Fig. 10. Correlations between the properties of Hε emission profiles and atmospheric quantities. The atmospheric properties have been weighted by the relative contribution functions. Panel a: Source function and line core intensity (derived from a Gaussian fit) in brightness temperature. Panel b: Source function versus gas temperature. Panel c: Source function and transition probability p17. The color of the points indicates if Hε is optically thin or thick, as shown by the color bar that shows log10(τafd). The probability density functions of the points, calculated using Gaussian kernel density estimation, are shown at the top and right of each panel.

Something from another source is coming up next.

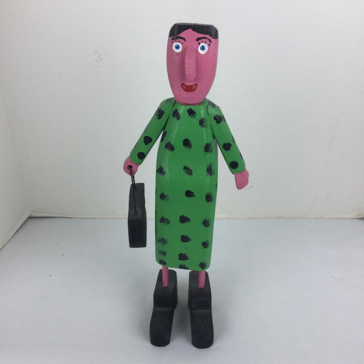 815 Folk Art Bag Lady J.M. POIRIER Woodcarver, sculpture from Quebec

Another key property of Hε is its width. The widths of Balmer lines are primarily determined by Doppler broadening or linear Stark broadening (from electrons and ions). RH 1.5D includes linear Stark broadening by electrons, following Sutton (1978), with a dependence on electron density, proportional to $n_{\mathrm{e}}^{2/3}$. However, we find no correlation between electron density and the width of Hε (not shown in the figures), which indicates that the dominant broadening mechanisms are thermal, nonthermal, and opacity broadening.

In Fig. 11 we explore the relations between the measured Hε width, Δλ_D^fit, the thermal and nonthermal broadening, and the opacity broadening factor. In panel (a), we compare the thermal broadening v_th, computed using the temperature weighted by the relative contribution function, with the line width. We find that the thermal broadening alone cannot explain the measured widths, which can be much larger. Most points fall to the right of the red line, which represents the width expected from thermal broadening alone. Notably, many regions with larger optical depth show widths many times larger than the thermal broadening.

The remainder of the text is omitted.